> [PROBLEM DETAILS]:
Every line below between the one holding "Разветвитель AVS CS314U" and the one holding "Fun and unique", inclusive, should be copied exactly, and no other line.

> [RECORDS]:
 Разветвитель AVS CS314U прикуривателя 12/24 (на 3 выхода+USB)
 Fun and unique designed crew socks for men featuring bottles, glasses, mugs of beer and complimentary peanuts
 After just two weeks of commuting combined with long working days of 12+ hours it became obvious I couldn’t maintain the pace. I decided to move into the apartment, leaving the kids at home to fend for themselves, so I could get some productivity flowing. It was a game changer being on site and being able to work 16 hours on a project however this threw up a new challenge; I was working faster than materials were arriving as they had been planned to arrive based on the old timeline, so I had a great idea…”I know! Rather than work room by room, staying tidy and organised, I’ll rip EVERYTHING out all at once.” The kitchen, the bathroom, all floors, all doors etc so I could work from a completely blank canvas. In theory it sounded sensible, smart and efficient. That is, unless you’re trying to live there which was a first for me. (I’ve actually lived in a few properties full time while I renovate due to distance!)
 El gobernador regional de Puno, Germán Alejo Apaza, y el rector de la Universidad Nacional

---

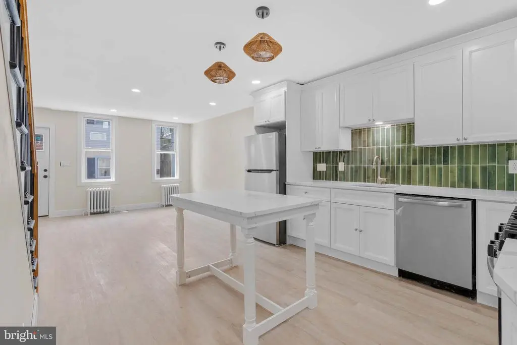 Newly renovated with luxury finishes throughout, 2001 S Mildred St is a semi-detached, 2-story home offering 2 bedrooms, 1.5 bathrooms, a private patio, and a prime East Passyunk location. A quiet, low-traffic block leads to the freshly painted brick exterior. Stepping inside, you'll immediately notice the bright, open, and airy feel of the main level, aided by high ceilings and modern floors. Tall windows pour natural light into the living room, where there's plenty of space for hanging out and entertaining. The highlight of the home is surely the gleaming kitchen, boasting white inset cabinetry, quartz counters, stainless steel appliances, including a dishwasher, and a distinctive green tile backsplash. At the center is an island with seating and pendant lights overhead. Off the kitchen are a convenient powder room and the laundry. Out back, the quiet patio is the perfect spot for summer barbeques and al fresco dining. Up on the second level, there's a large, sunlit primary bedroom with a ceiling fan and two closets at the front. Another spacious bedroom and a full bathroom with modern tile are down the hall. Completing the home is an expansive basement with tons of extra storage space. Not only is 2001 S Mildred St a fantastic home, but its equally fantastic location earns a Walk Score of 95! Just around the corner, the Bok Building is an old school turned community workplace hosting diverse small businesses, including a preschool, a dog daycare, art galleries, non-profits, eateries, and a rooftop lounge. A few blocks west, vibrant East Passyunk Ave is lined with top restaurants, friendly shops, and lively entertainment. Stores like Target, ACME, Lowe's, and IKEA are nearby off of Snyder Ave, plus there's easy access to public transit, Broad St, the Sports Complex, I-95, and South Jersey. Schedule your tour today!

> [TASK OUTPUT]:
 Разветвитель AVS CS314U прикуривателя 12/24 (на 3 выхода+USB)
 Fun and unique designed crew socks for men featuring bottles, glasses, mugs of beer and complimentary peanuts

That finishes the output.